The lines from the top of the material below through the line containing "Die Wohnung befindet" are to be printed exactly, with pictures omitted.

[Start of section]

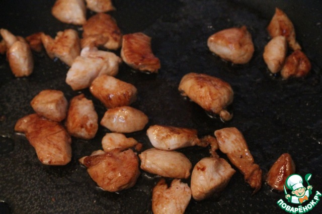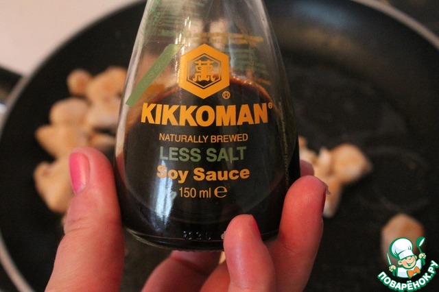 Выкладываем на сковороду с разогретым растительным маслом. Обжариваем 3 мин. Добавляем соевый соус Kikkoman.
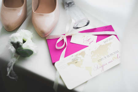 Wedding invitations. Wedding details of the bride. Bridal bouquet and other accessories. Shoes of the bride
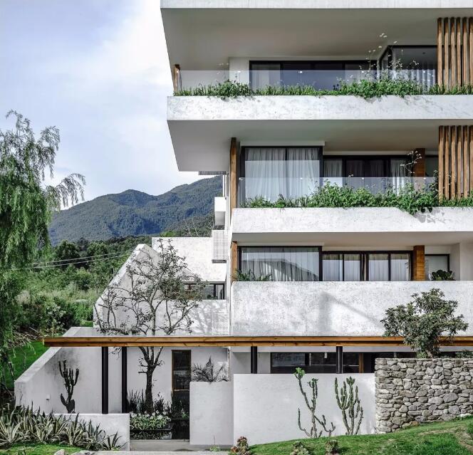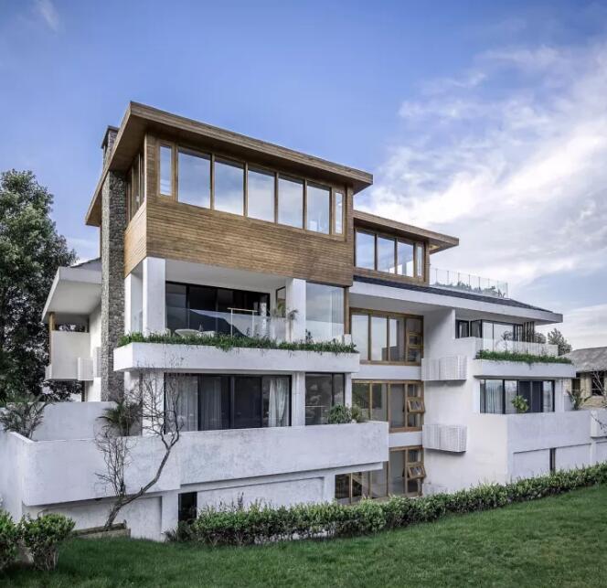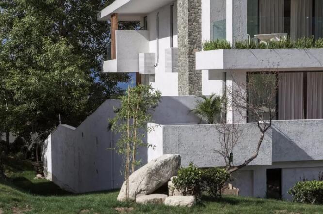 首層以公共空間為主,一到三層則是客房。每間客房都設(shè)計(jì)有巨大的露臺(tái)和落地窗,最大程度將蒼山洱海的絕妙景觀收入房?jī)?nèi)。露臺(tái)向外出挑,各層之間相互錯(cuò)落,為立面增添些許變化,也令整個(gè)建筑顯得更為輕盈。
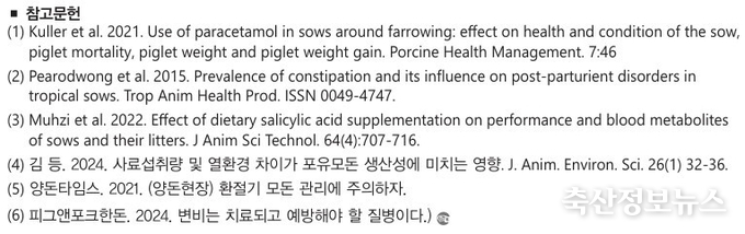 양돈농가의 모돈 관리는 생산성 향상과 경제성 향상을 위해 중요하다. 특히 분만 시기는 생식 주기 중 가장 많은 스트레스를 받는 시기이며, 이러한 스트레스를 최소화하여 이유자돈 생산성을 증가시키는 것이 중요하다. 또한 해당 시기에는 모돈의 장 기능이 저하되는 문제가 발생하는데, 땀샘이 발달하지 않은 모돈은 체온이 증가하며 사료 섭취량이 감소하여 재귀발정일이 지연되는 문제가 발생한다. 모돈의 사료 섭취량이 감소하게 되면 포유량이 감소하기에 자돈의 이유체중이 감소하며, 이로 인해서 농가 생산성이 감소하게 되는 것이다. 본고에서는 장기적으로 농가 생산성 감소에 영향을 미치는 모돈의 장 기능 저하를 예방하는 방법을 알아보고자 한다.
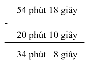 Ví dụ `1`: Tính: `54` phút `18` giây `- 20` phút `10` giây
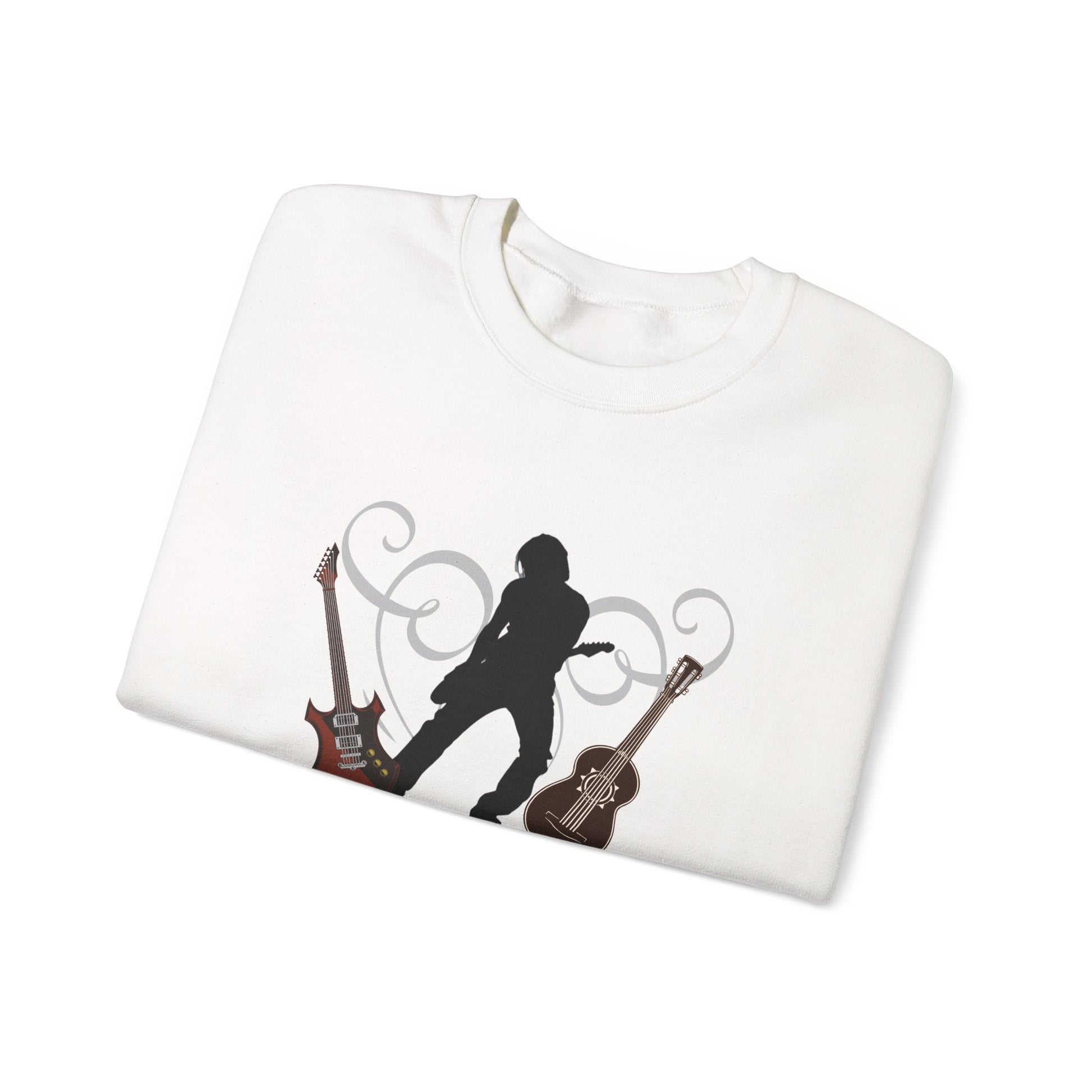 Featuring a bold silhouette of a guitar player in action, this design captures the essence of Keith Urban’s dynamic stage presence. Flanked by two intricately detailed guitars, one electric and one acoustic, it pays homage to Urban’s versatility as an artist. The word “URBAN” is emblazoned across the bottom in a striking font filled with a leopard print pattern, adding an edgy yet sophisticated touch to the sweater.
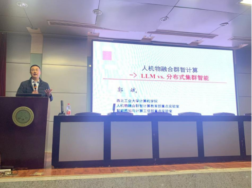 12月9日,西北工业大学郭斌教授应邀做客我校“胡杨林大讲堂”,做了题为“人机物融合群智计算:LLM vs分布式集群智能”的学术报告。报告会由研究生院主办,雷竞技raybat竞猜承办,雷竞技raybat竞猜副院长马天主持,全校300余名研究生及教师聆听了此次报告。
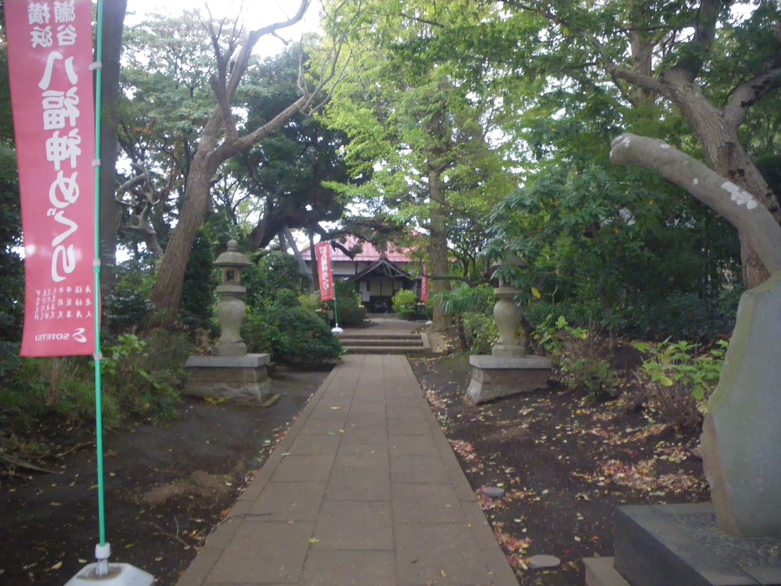 高い杉に覆われた道を進み、宅地として開かれた辺りまで進むも、鬱蒼とした杉の建ち並ぶ小径ではあるけれど、書籍で見た坂の姿はなく、坂の上り口まで戻る。思うに、キャプションにあった写真は、御手洗乃池へと下る坂道ではなかろう、か。『関東周辺 街道・古道を歩く』には場所もそのように記している。場所は違ったにしても、民家のすぐ隣りに「森に迷い込んだような錯覚に」といった森があったわけで、森の散歩は十分楽しめる。
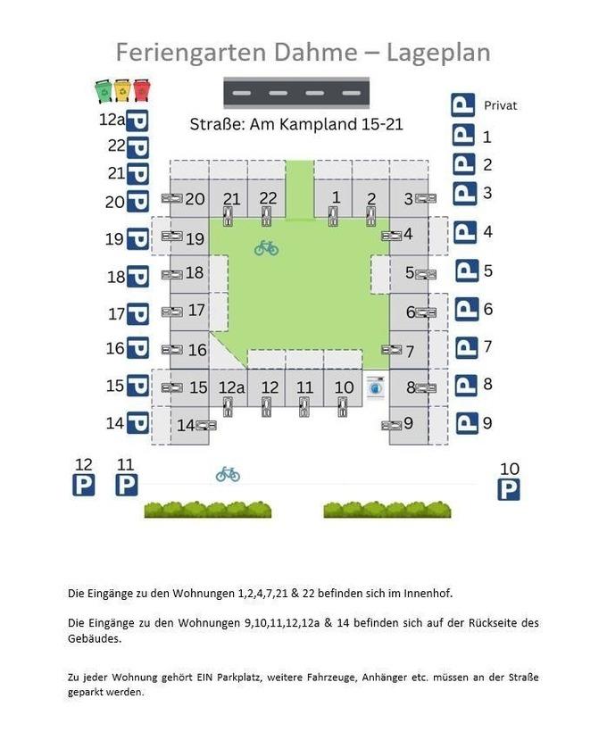 Die Wohnung befindet sich in angenehmer Umgebung mit einer schönen Gartenanlage. Der windgeschützte Innenhof lädt zum Entspannen ein. Jede Wohnung hat ihren eigenen Pkw-Stellplatz. Zwei Fahrradständer sind vorhanden.
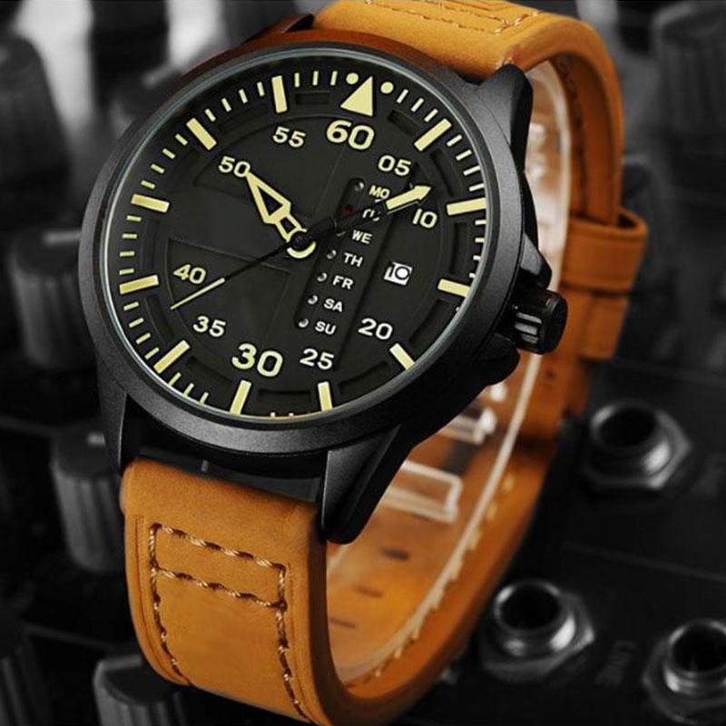 Item Type: Quartz wrist watchClasp Type: BuckleBand Material: LeatherBand Length: 23 cmWatch Case Material: AlloyWatch Face Diameter: 47 mmFunctions & Features: Water Resistant, Complete Calendar, Auto DateWater Resistance: 3 BAR
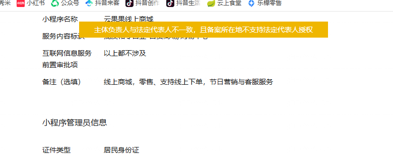 小程序备案时填写的主体负责人就是法人,提交备案报错“主体负责人与法定代表人不一致”,请问如何处理?
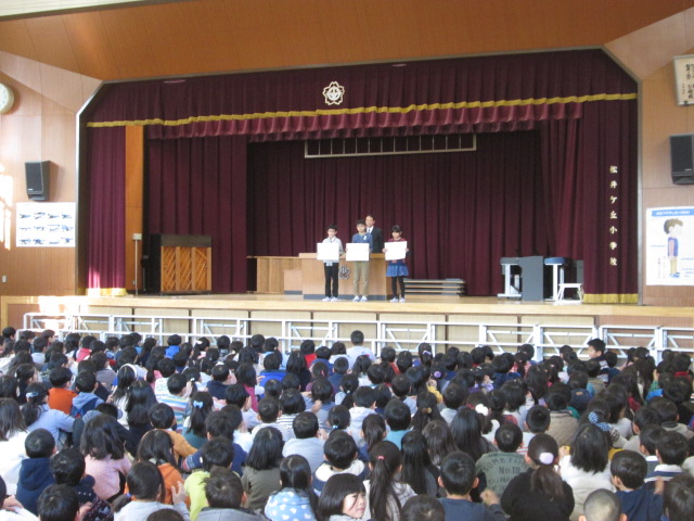 本日の児童朝礼では、体育委員会からの発表、表彰を行いました。
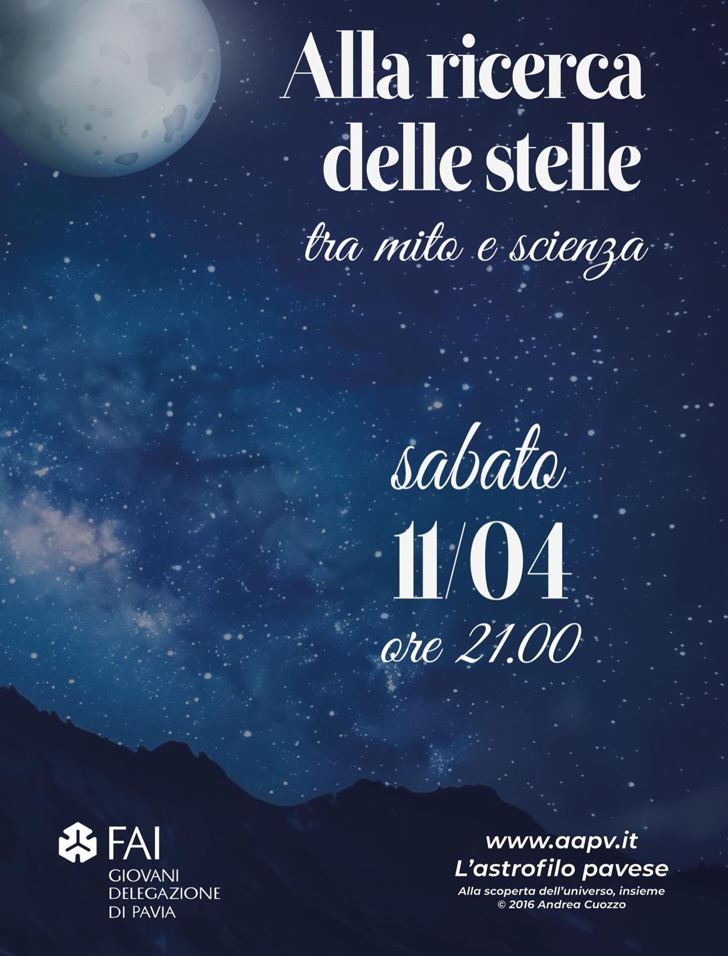 Sabato 11 aprile 2026, alle ore 21:00, il FAI Giovani Pavia presenta “Alla ricerca delle stelle”, una serata di osservazione astronomica a Roncaro. L’evento coniuga narrazione mitologica e spiegazione scientifica, guidando i partecipanti tra le costellazioni primaverili in una zona con scarso inquinamento luminoso. L’iniziativa, aperta a tutti, mira a valorizzare il patrimonio paesaggistico pavese. È richiesta la prenotazione online CLICCANDO QUI: il contributo è di 8€ per i soci FAI e 10€ per i non iscritti. Possibilità di iscriversi al FAI Giovani in loco (18-35 anni) a quota agevolata.
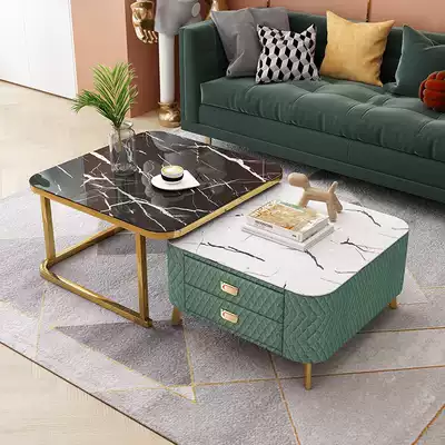 Double soy sauce coffee table combination-black and white marbled glass-beige technology cloth soft bag-black frame Double soy sauce coffee table combination-double white marbled glass-beige technology cloth soft bag-black frame Double soy sauce

[End of section]

**SOLUTION TO THE EXERCISE:**
 Выкладываем на сковороду с разогретым растительным маслом. Обжариваем 3 мин. Добавляем соевый соус Kikkoman.
 Wedding invitations. Wedding details of the bride. Bridal bouquet and other accessories. Shoes of the bride
 首層以公共空間為主,一到三層則是客房。每間客房都設(shè)計(jì)有巨大的露臺(tái)和落地窗,最大程度將蒼山洱海的絕妙景觀收入房?jī)?nèi)。露臺(tái)向外出挑,各層之間相互錯(cuò)落,為立面增添些許變化,也令整個(gè)建筑顯得更為輕盈。
 양돈농가의 모돈 관리는 생산성 향상과 경제성 향상을 위해 중요하다. 특히 분만 시기는 생식 주기 중 가장 많은 스트레스를 받는 시기이며, 이러한 스트레스를 최소화하여 이유자돈 생산성을 증가시키는 것이 중요하다. 또한 해당 시기에는 모돈의 장 기능이 저하되는 문제가 발생하는데, 땀샘이 발달하지 않은 모돈은 체온이 증가하며 사료 섭취량이 감소하여 재귀발정일이 지연되는 문제가 발생한다. 모돈의 사료 섭취량이 감소하게 되면 포유량이 감소하기에 자돈의 이유체중이 감소하며, 이로 인해서 농가 생산성이 감소하게 되는 것이다. 본고에서는 장기적으로 농가 생산성 감소에 영향을 미치는 모돈의 장 기능 저하를 예방하는 방법을 알아보고자 한다.
 Ví dụ `1`: Tính: `54` phút `18` giây `- 20` phút `10` giây
 Featuring a bold silhouette of a guitar player in action, this design captures the essence of Keith Urban’s dynamic stage presence. Flanked by two intricately detailed guitars, one electric and one acoustic, it pays homage to Urban’s versatility as an artist. The word “URBAN” is emblazoned across the bottom in a striking font filled with a leopard print pattern, adding an edgy yet sophisticated touch to the sweater.
 12月9日,西北工业大学郭斌教授应邀做客我校“胡杨林大讲堂”,做了题为“人机物融合群智计算:LLM vs分布式集群智能”的学术报告。报告会由研究生院主办,雷竞技raybat竞猜承办,雷竞技raybat竞猜副院长马天主持,全校300余名研究生及教师聆听了此次报告。
 高い杉に覆われた道を進み、宅地として開かれた辺りまで進むも、鬱蒼とした杉の建ち並ぶ小径ではあるけれど、書籍で見た坂の姿はなく、坂の上り口まで戻る。思うに、キャプションにあった写真は、御手洗乃池へと下る坂道ではなかろう、か。『関東周辺 街道・古道を歩く』には場所もそのように記している。場所は違ったにしても、民家のすぐ隣りに「森に迷い込んだような錯覚に」といった森があったわけで、森の散歩は十分楽しめる。
 Die Wohnung befindet sich in angenehmer Umgebung mit einer schönen Gartenanlage. Der windgeschützte Innenhof lädt zum Entspannen ein. Jede Wohnung hat ihren eigenen Pkw-Stellplatz. Zwei Fahrradständer sind vorhanden.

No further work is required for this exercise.